Strips SQL comments and string literals from a SQL string so that downstream checks (keyword scanning, table scanning) are not confused by content embedded inside comments or literals.

This is a shared utility used by SqlValidator and TableGate to avoid duplicating comment- and literal-stripping logic. All methods are module-level and stateless — pass a SQL string in, receive a stripped string out.

Examples:

Strip comments only

SqlNoiseStripper.strip_comments("SELECT 1 -- pick one\nFROM t")
# => "SELECT 1 \nFROM t"

Strip literals (PostgreSQL dialect)

SqlNoiseStripper.strip_literals("SELECT 'it''s ok' FROM t")
# => "SELECT '' FROM t"

Strip literals (MySQL dialect — backslash escapes)
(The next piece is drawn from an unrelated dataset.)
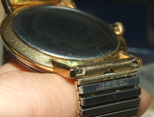- Dây đeo như kiểu vòng đeo tay liền, ko buckle, mặt ngoài: 1/30 10KT RGP tops, mặt trong: Stainless steel backs
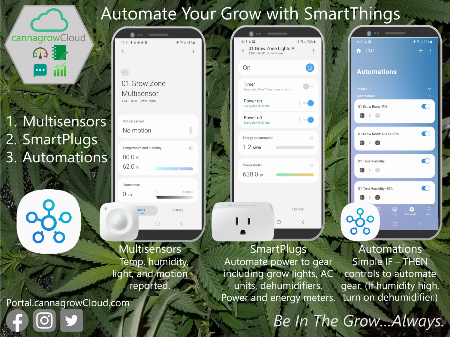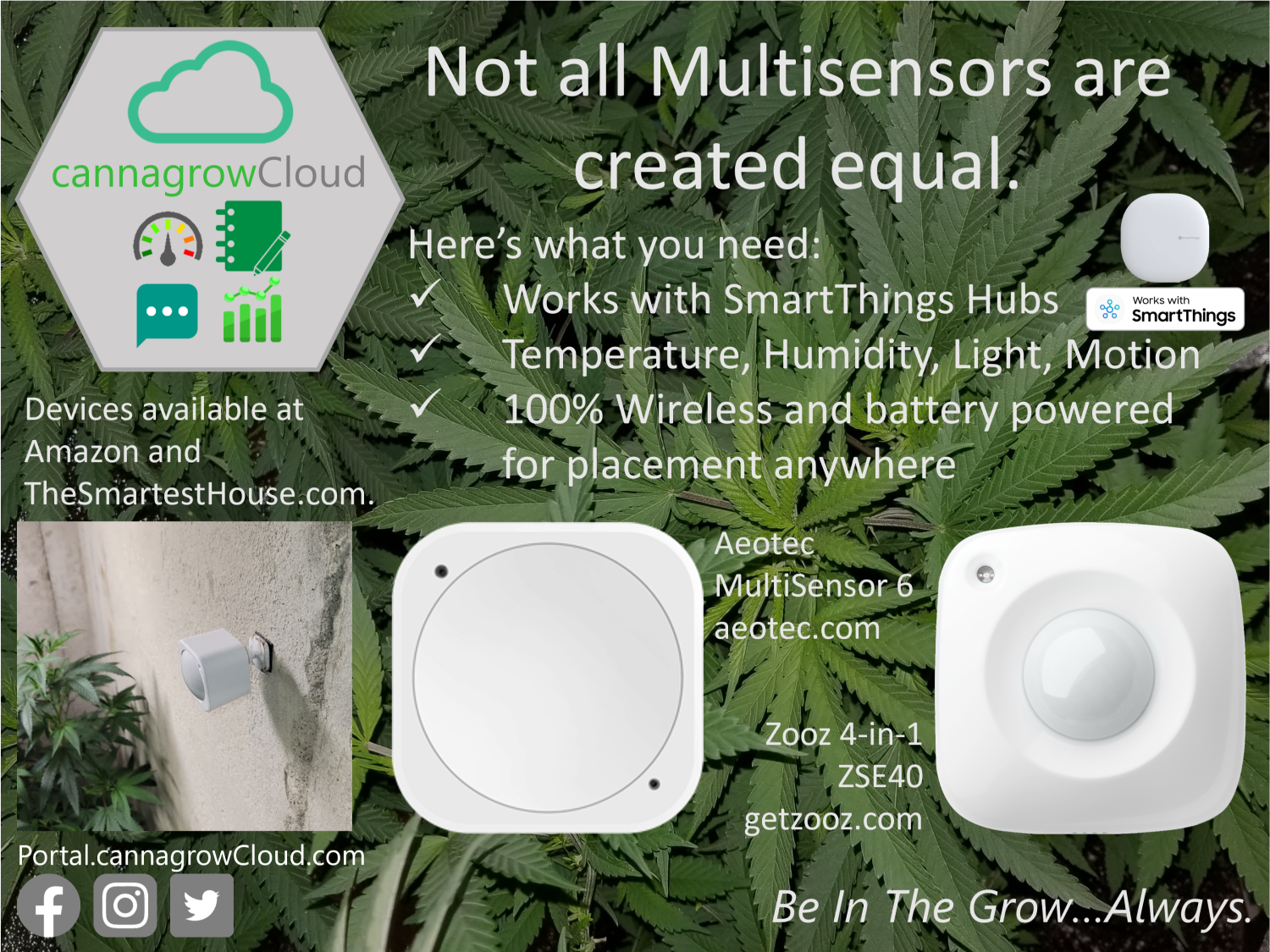 There are numerous smart devices on the market that are called "multisensors", you don't want most of them. Professional cultivators will tell you to monitor the temperature AND the humidity. Know the light levels getting to your plants. A temperature sensor with motion detection is not going to cut it for automating your grow. That's why we've identified and certified SmartThings multisensors that provide the function that cultivators need to monitor and automate their grows. These are the criteria for the multisensors you need.

SqlNoiseStripper.strip_literals("SELECT 'it\\'s ok' FROM t", dialect: :mysql)
# => "SELECT '' FROM t"

Constant Summary collapse

LINE_COMMENT =

Strips SQL line comments (-- ...) and block comments (/* ... */). Line comments are stripped to (but not including) the newline so that newline-separated statement structure is preserved for callers that check for multiple statements.

Block comments are non-nested — real SQL engines do not support nested block comments, and neither does this stripper.

Returns:

  • (String)

    a new string with all SQL comments removed

/--[^\n]*/
BLOCK_COMMENT =
%r{/\*.*?\*/}m
DOLLAR_QUOTED =

Strips single-quoted string literals and (for the :postgres dialect) PostgreSQL dollar-quoted string literals from a SQL string, replacing each with an empty '' placeholder so that the structure of the SQL is maintained for subsequent checks.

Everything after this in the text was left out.